Getting a Handle on Metabolic Disorders

Targets and Methods Vary, but the End-Goal Is the Same—More Effective Therapeutics

  • Animal Models

    Alain Stricker-Krongrad, Ph.D., senior scientific advisor at Charles River Laboratories, works with client researchers to plan and develop animal models that are scientifically valid for their disease state of interest. Dr. Stricker-Krongrad employs the use of animal models that provide his clients with an assessment of the efficacy and drug safety of the drugs they’re developing. The rodent models used include rats and mice that have been bred to display cardiovascular and or diabetic indications consistent with these disease states. 

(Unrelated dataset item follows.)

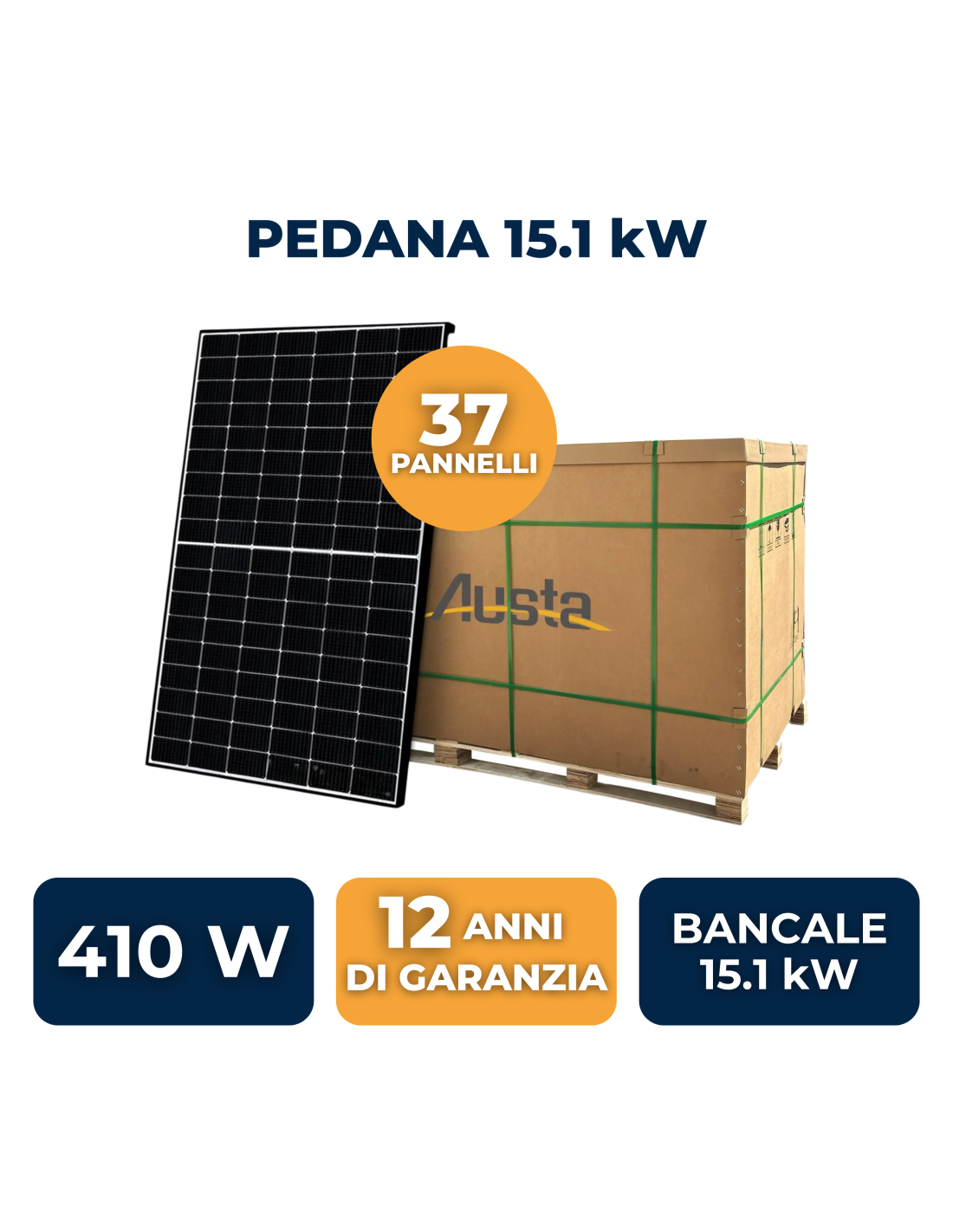 Il Kit “bancale completo 15,1 kW” con 37 pannelli solari Austa 410 W — formato 1762 × 1134 × 30 mm con frame nero (black frame) — rappresenta una soluzione plug-and-play per chi desidera realizzare un impianto fotovoltaico di taglia medio-grande, con alta efficienza e ottimizzazione spazio/produzione.

    “Our process is to monitor different biomarkers of metabolic disease while keeping an eye on cardiovascular involvement,” Dr. Stricker-Krongrad said. “In the development of drug therapeutics for obesity, the challenge continues to be the ability to monitor the impact of the therapeutic intervention. Specifically, our work is focused on the development of a meaningful animal model that will enable researchers to screen drug impacts and determine outcomes earlier in the development process. The term coined for this approach, translational medicine, is a broad term that I don’t like to use because it detracts from the real question: How predictive is the animal model for the human condition?”

    At the meeting, Dr. Stricker-Krongrad introduced a new animal model now available at Charles River while focusing on the current tools available to calculate cardiovascular risk. In drug development, the observation is that off-target effects of a drug given to normal patients don’t always reveal themselves. Unless the target patient population is tested you can’t determine the off-target impact of the drug candidate. 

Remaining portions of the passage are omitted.